The Joys of Parenting (?)


Parenthood can be a lot of work at times, especially with children with disabilities, but I always prefer to see the joyful side of parenthood for the following reasons:

  1. The sight of a sleeping child, no matter what age, melts my heart.  We always take pictures of our children sleeping on Christmas Eve, so I have a collection of how their sweet sleeping faces look as they age.  It never ceases to affect me and I smile at each and every one.

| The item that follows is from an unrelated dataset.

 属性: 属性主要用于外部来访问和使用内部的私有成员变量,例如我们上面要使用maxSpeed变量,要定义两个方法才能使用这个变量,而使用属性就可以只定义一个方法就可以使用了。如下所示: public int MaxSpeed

  2. When a child is in a school performance, from pre-school graduation, school plays, award ceremonies, right up to college graduation my pride soars.  Tears always come to my eyes as my well dressed for the occasion child “does his/her thing.”  Each child’s “thing” may be different…Steven, especially in the early years with his sensory integration deficit, would actually hide under the chair, (or the pew in church as was the case when he was supposed to make his first communion.)  Francis would walk slowly looking down due to his visual impairment, and he would be hesitant about who to go to until he got close enough to see them.  Dinora would “strut her stuff”, with us all excited at her accomplishment.  Angel would put on his best “game show host” face and wave to the audience as if the event was entire for him.  Marie would…well, I’ll save that for a later blog because that is a real interesting story!

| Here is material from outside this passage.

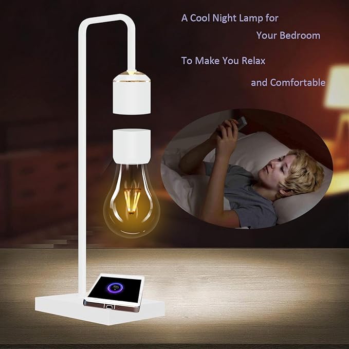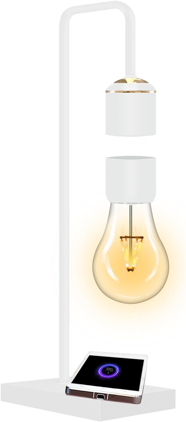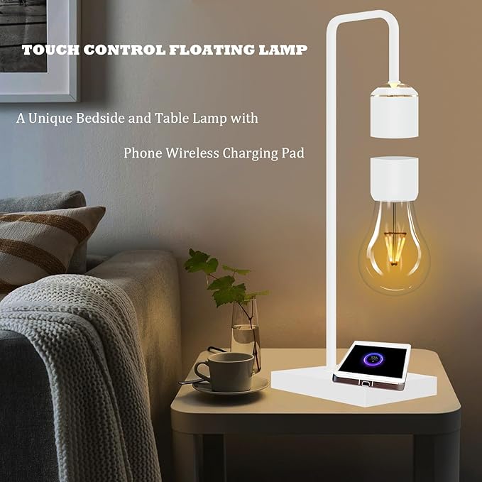 Magnetic Levitating Lamp with Phone Wireless Charging Pad 24.5" Floating White Table Lamp Nightstand Lamp Bedside Lamp White Lamp for Bedrooms & Living Room Christmas Gift Home Decoration

  3. Each time a child learns a new skill, I am overcome with joy at their accomplishment.  Not just the learning to walk or talk part, but the entire route to independence they take.  My 2 oldest live on their own, have jobs and pay their own bills.  Just the fact that they can pay their own bills causes me to leap in the air with happiness.
  4. Sitting around the table eating dinner together usually, (depending on how the kids are getting along,) fills me with the peace.  I like sitting at the head of the table with my husband at the other end, and the kids in the middle.   Holidays and special occasions are always extra nice when all 5 children are there.

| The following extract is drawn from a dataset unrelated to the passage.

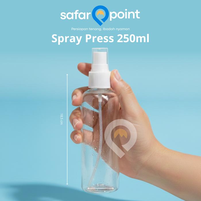 Lengkapi perjalanan ibadah Haji & Umroh Anda dengan solusi berwudhu yang praktis dan higienis. Botol spray Safar Point dirancang khusus untuk memudahkan jamaah dalam membawa air bersih kapan saja dan di mana saja. Dengan kapasitas 250ml, botol ini sangat ideal untuk menyimpan air wudhu, air zam-zam, parfum non-alkohol, atau cairan penyejuk tubuh lainnya selama perjalanan ibadah.

  5. I feel a happiness only a mother could feel every time a child presents me with a gift they have made for me. Steven made me a wonderful 2 foot tall vase shaped like and alligator, (his favorite animal.)  What mother wouldn’t be thrilled to receive an alligator vase?  The color even matches the colors in my kitchen!  Angel’s, who is 15 years old, has a child-like “part” that makes me jewelry.  He presents it to me with great flourish,  It is always gaudy and  made of huge plastic “crystal” beads.  When I wear it, I feel like I am wearing a chandelier, but I wear it with pride, (until I can get in my car alone and take it off on my drive to work.)
  6. Taking the children out for an activity like bowling, horseback riding, or go cart riding allows me to have an excuse and have fun like a kid myself.
  7. The times the children prepare breakfast for me is especially joyful, (even though the eggs are tough, the toast is burnt, and the tea has no sugar.  Plus, the kitchen is a huge mess!) I always look on the bright side, and even if my eggs aren’t sunny side up, I am sunny inside!
  8. The biggest joy I get out of parenthood is the fact that I do not have time to clean the house…taking care of all of the children’s special needs, all of the therapy, counseling, medical, extra-curricular activities does not leave me any time to clean!  We’ve long ago learned to settle for a “picked up house”, not a spotlessly clean house, (or even a “pretty clean” house.)  I feel no guilt at all.  I would much rather be spending time helping my children than washing the kitchen floor.  I will never lay  when I lay on my deathbed I wished I’d kept my house cleaner!  There are so many more important things to do with the kids, so, sorry, don’t expect my house to be real clean!  Ah, the joy of no housework!!!!

Parenting is a lot of fun and can be filled with joy.  I try to always focus on the positives and downplay the negatives.  It is the only way I remain sane!!!!